Dispersieve eigenschappen van samengestelde hybride MAPbX3 . Complexe brekingsindices (n , k ) van hybride perovskieten MAPb(Brx Cl1-x )3 (groene lijnen) en MAPb(Iy Br1-y )3 (rode lijnen) van verschillende composities (x en y ) uitzenden bij golflengten over het zichtbare en infrarode spectrum. Brekingsindexen van pure perovskieten MAPbCl3 , MAPbBr3 , en MAPbI3 bij composities x =0, x =1 (j =0) en y =1 zijn (2,2, 0,013), (2,30, 0,01) en (2,49, 0,0009). Ze zenden uit op de golflengte λ =425, 555 en 800 nm

Vervolgens hebben we de kenmerken bestudeerd van fundamentele plasmonische spleetmodi, die gevormd worden door de koppeling tussen lekkende fotonisch geleide modi (onder de afsnijfrequentie) van perovskiet NW's en oppervlaktegolven die voornamelijk geconcentreerd zijn op het grensvlak van spleet en metaal. Zoals geïllustreerd in Fig. 3, hebben we de modale verlies- en opsluitingsfactor [24] van de geleide hybride plasmonische modi voor de golfgeleider bepaald - een gemengde perovskiet NW, MAPb(Brx Cl1-x )3 en MAPb(Iy Br1-y )3 van dopingsamenstelling x en y van 0 tot 1 op de SiO2 /Ag, SiO2 /Al of SiO2 /Au plaat met spleetdikte t g bij hun corresponderende emissiegolflengten. We hebben de geleide modi bepaald die overeenkomen met een groot bereik van emitterende golflengten, van 425 tot 555 nm voor de perovskiet MAPb(Brx Cl1-x )3 en van 555 tot 800 nm voor MAPb(Iy Br1-y )3 . In deze berekeningen waren de complexe brekingsindices van de gedoteerde perovskieten (n , k ) zoals weergegeven in Fig. 2. De dispersieve brekingsindices van metaallagen, Al, Ag en Au, werden overgenomen uit eerdere experimentgegevens [39].

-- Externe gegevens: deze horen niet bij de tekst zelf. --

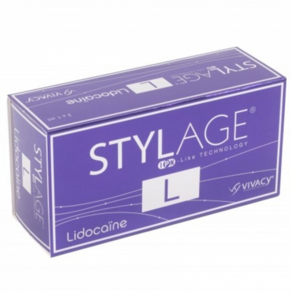 - 2 x 1 ml pre-filled glass, sterile latex free syringes of STYLAGE L with Lidocaine gel
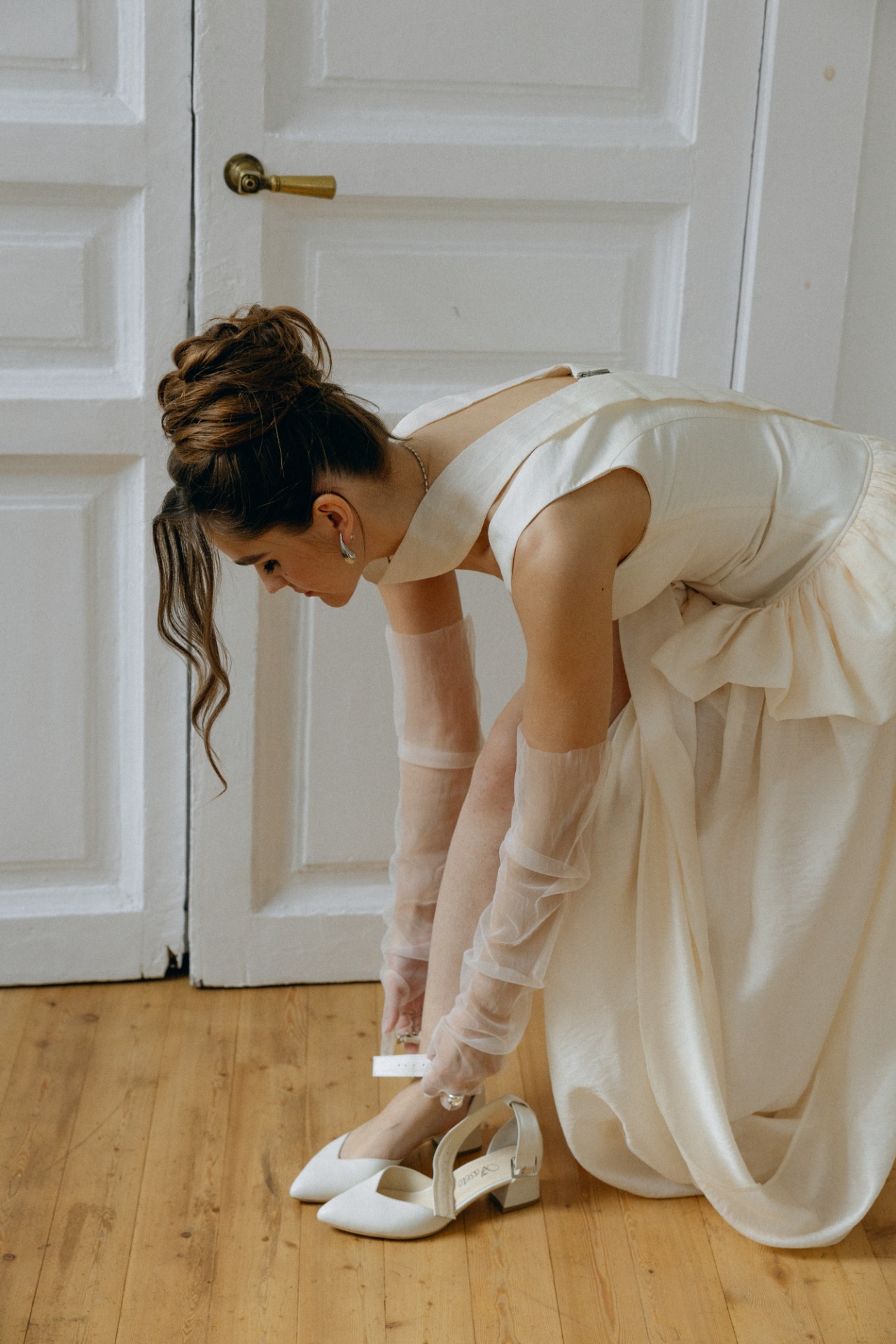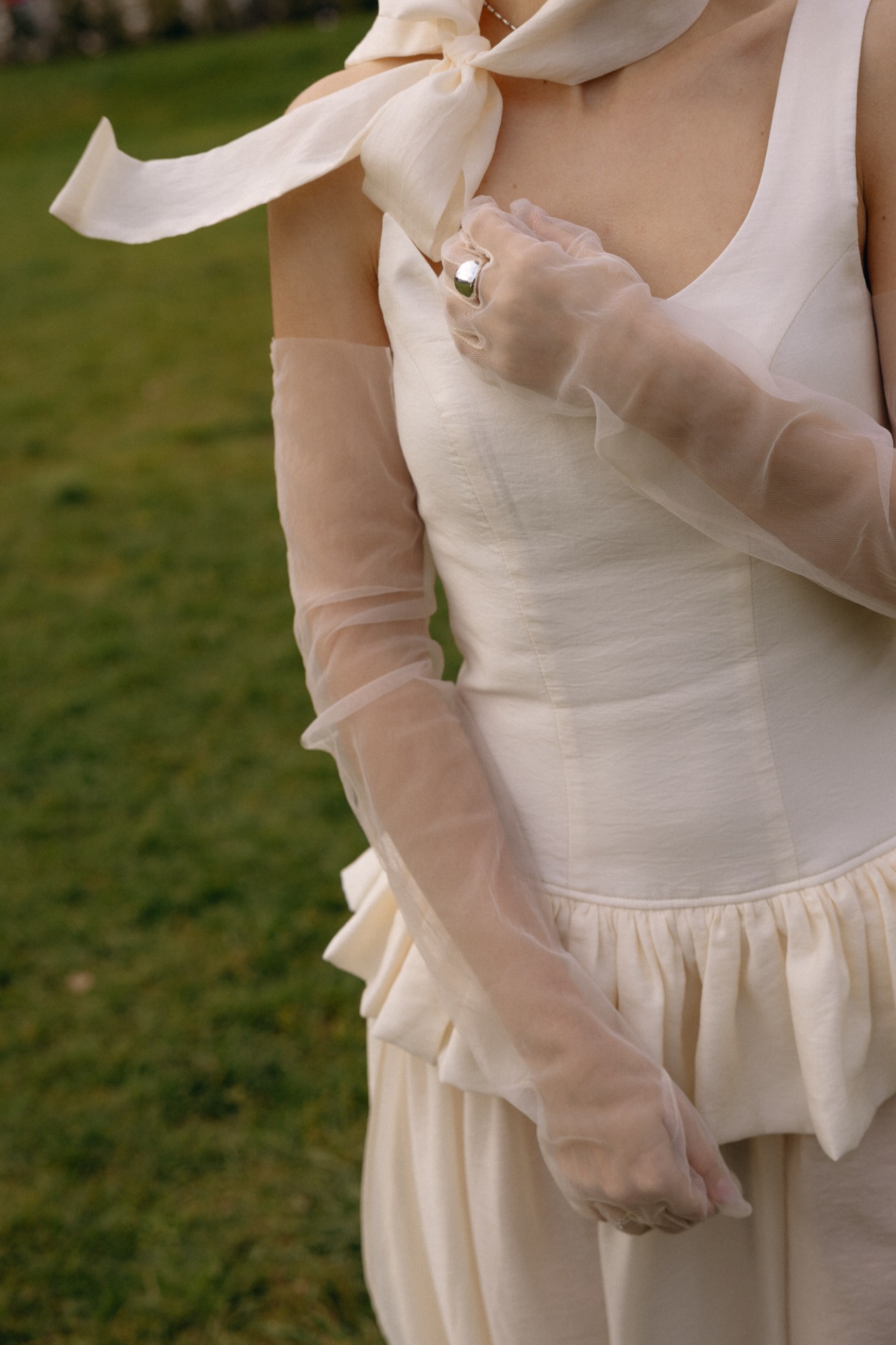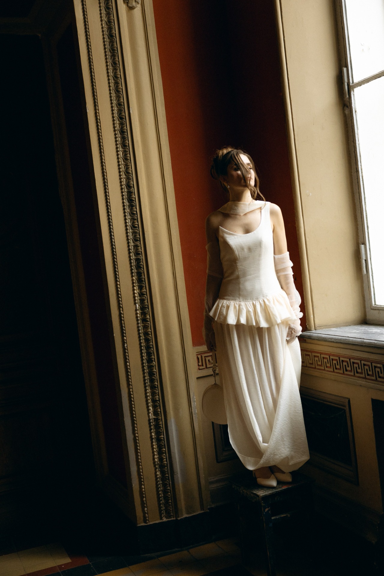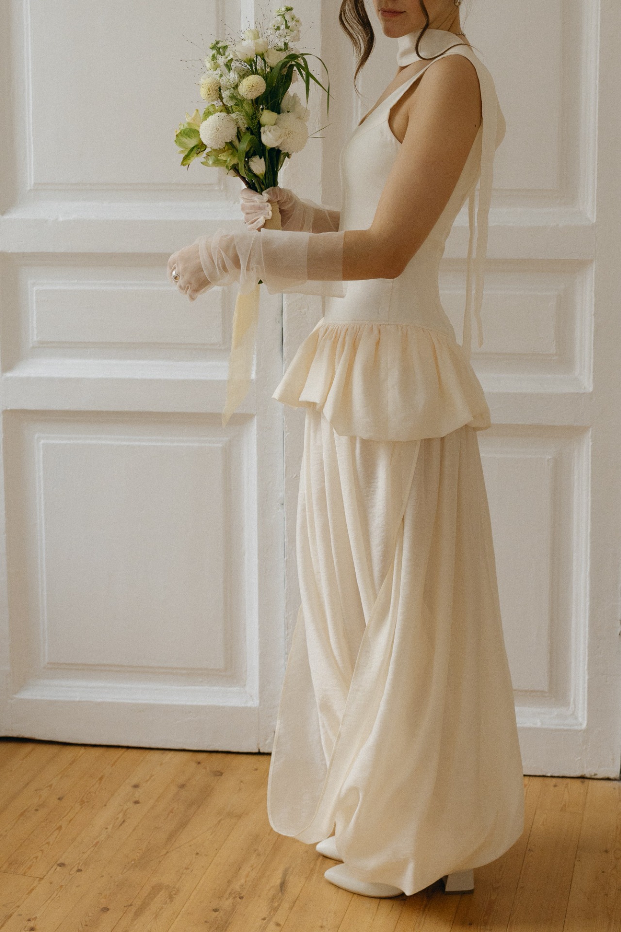 Мой образ тоже был выдержан в древнерусском стиле на новый лад: высокий пучок, белый хлопковый корсет, кружевные панталоны, балетки-лапти. В процессе долгих поисков основного образа я случайно нашла бренд Monreve и платье сливочного цвета на одно плечо с необычной юбкой. Образ дополняли туфли в тон, прозрачные перчатки, сумка-сердце и маленькое сердечко на щеке в качестве мушки.

Modaal verlies en opsluitingsfactor van geleide modi. een , c Modaal verlies en b , d opsluitingsfactor van de geleide plasmonische spleetmodi bij vaste SiO2 spleetdikte, t g =0 (blauwe lijnen), 5 (rode lijnen) en 15 (groene lijnen) nm, overeenkomend met de gedoteerde perovskiet in het fotoluminescente spectrum van λ =425 tot 800 nm. De hybride perovskiet MAPb(Brx Cl1-x )3 WG's op Ag (ononderbroken lijnen) en Al-platen (gestippelde stippellijnen) worden berekend zoals weergegeven in (a , b ). Die van perovskiet MAPb(Iy Br1-y )3 WG's op Ag (ononderbroken lijnen), Al (stippellijnen) en Au (stippellijnen) platen worden opgelost bij λ =555 tot 800 nm zoals weergegeven in (c , d ). De inzet in (b , d ) onthullen de modale profielen |E | van de geleide plasmonische gap-modi op SiO2 -bedekte Ag-platen van t g =5 nm voor de gedoteerde perovskieten van composities x =0 (gele cirkel), x =0,58 (rode cirkel), y =0 (oranje cirkel), en y =0,59 (groene cirkel)

Met betrekking tot perovskieten die uitzenden bij golflengten van 425 tot 555 nm, vertoonde de plasmonische golfgeleider (WG) met de NW op Al-plaat een relatief lager modaal verlies (ten opzichte van de Ag-plaat) dichtbij korte golflengten zoals weergegeven in Fig. 3a. Zo werden kleine metaalverliezen waargenomen in de hybride modus in de WG's op Al-platen niet waargenomen op Ag-platen. Een reden was dat de oppervlakteplasmonfrequentie van perovskiet/SiO2 /Ag was in de buurt van λ =425 nm en die van perovskiet/SiO2 /Al bevond zich in de buurt van korte golflengten. De opsluiting van plasmongolven nabij de plasmonfrequentie was extreem sterk vanwege de resonantie van de ladingsoscillatie. Daarom was de absorptie van elektromagnetische energie in de buurt hoog. Anders, voor de WG met perovskiet MAPb(Brx Cl1-x )3 met x dicht bij 1 (uitstralend bij lange golflengten van groene kleuren) op Al-platen, kan het modaal verlies hoger zijn dan dat op Ag-platen. We hebben bovendien de opsluitingsfactor bepaald van geleide plasmonische spleetmodi bij een vaste spleetdikte (t g =0, 15 en 30 nm). De sterke opsluiting van het modaal profiel binnen de dunne opening duidde op een sterke overlapping met het metaal, waardoor ernstig ohms verlies werd veroorzaakt. Dit werd gecontroleerd door de spleetdikte te vergroten. De opsluitingsfactoren van perovskiet-WG's op Ag-platen waren relatief hoger dan die van andere WG's op Al-platen. Dit suggereerde een sterke opsluiting van plasmonische WG-modi nabij het versterkingsmedium op de Ag-platen en een kleine overlap met de omgeving.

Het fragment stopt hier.